Bionano optical mapping

High molecular weight DNA was extracted from whole blood by using Bionano Prep Blood and Cell Culture DNA Isolation Kit (Bionano Genomics, USA). Briefly, blood was subjected to two rounds of red blood cell lysis. After quantitation, white blood cells were immobilized in agarose plugs (Bio-Rad, USA). Plugs were digested with proteinase K (Qiagen, Germany), and washed with wash buffer (Bionano Genomics) and TE buffer (Thermo Fisher Scientific, USA). DNA was recovered, dialyzed, homogenized, and quantitated subsequently. DNA labeling was processed with Bionano Prep™ DLS DNA Labeling kit (Bionano Genomics) according to the kit protocol. In brief, DNA was labeled with DL-Green fluorophores using DLE-1 enzyme at 37 °C for 2 h, digested with proteinase K at 50 °C for 30 min, and cleaned up with 1× DLE-1 buffer. Subsequently, DNA backbone was stained with DNA stain, 5× DTT, and 4× flow buffer for 1 h and homogenized overnight at 4 °C. Labeled DNA was loaded on a Saphyr chip (Bionano Genomics) and run on a Saphyr instrument (Bionano Genomics). The de novo genome map assembly was performed using Bionano Solve™ (Bionano Genomics) and SVs were called against the public Genome Reference Consortium hg19 human assembly. Data were analyzed with Bionano Access™ and Bionano Tools™ on Saphyr Compute Servers (Bionano Genomics).

RT-qPCR and Sanger sequencing

The newly identified duplication was validated by RT-qPCR. Primers were designed to amplify exons of interest and the β-globin gene was chosen as the reference gene. The reaction was carried out on a LightCycler 480 II system (Roche, Switzerland) in 20 µl volume containing 10 µl of SYBR Premix Ex Taq Polymerase (TaKaRa, Japan), 0.4 µl of each primers (10 µmol/l), and 2 µl of the genomic DNA (20 ng). Each sample was tested in triplicate. An initial denaturation step at 95 °C for 10 s was followed by 40 cycles of 95 °C for 5 s and 58 °C for 30 s, and then a final extension step at 72 °C for 10 min.
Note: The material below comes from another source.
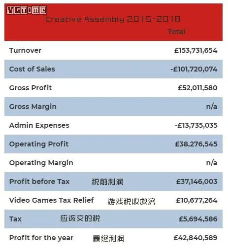 Creative Assembly 虽然没有 Rocksteady 薅得那么彻底,但从 2015~2018 年的收支统计来看,他们确实从 VGTR 里捞到了好处,期间总共获得了 1067.7 万英磅的税收救济,使得公司 2018 年的营业利润率达到 18%,远高于日本母公司世嘉 5.5% 的营业利润率。

The dosage ratio of the tested samples was calculated by the ΔΔCt method30. Target regions flanking variant sites were amplified (F: 5ʹ-CTGCCTGTCTTTAGGTGCATC-3ʹ and R: 5ʹ-GAGGAAAACTGTACTGACCTTC-3ʹ) and Sanger sequencing was performed on an ABI 3500xL Dx Genetic Analyzer (Applied Biosystems, USA).

Bioinformatic analysis

CNVs and variants were investigated for their clinical relevance using the following databases: DECIPHER (http://decipher.sanger.ac.uk), OMIM (http://omim.org/), PubMed (http://www.ncbi.nlm.nih.gov/pubmed), Exome Aggregation Consortium (ExAC, http://exac.broadinstitute.org/), ClinVar (https://www.ncbi.nlm.nih.gov/clinvar/), and HGMD (http://www.hgmd.cf.ac.uk/ac/index.php).

Reporting summary

Further information on experimental design is available in the Nature Research Reporting Summary linked to this article.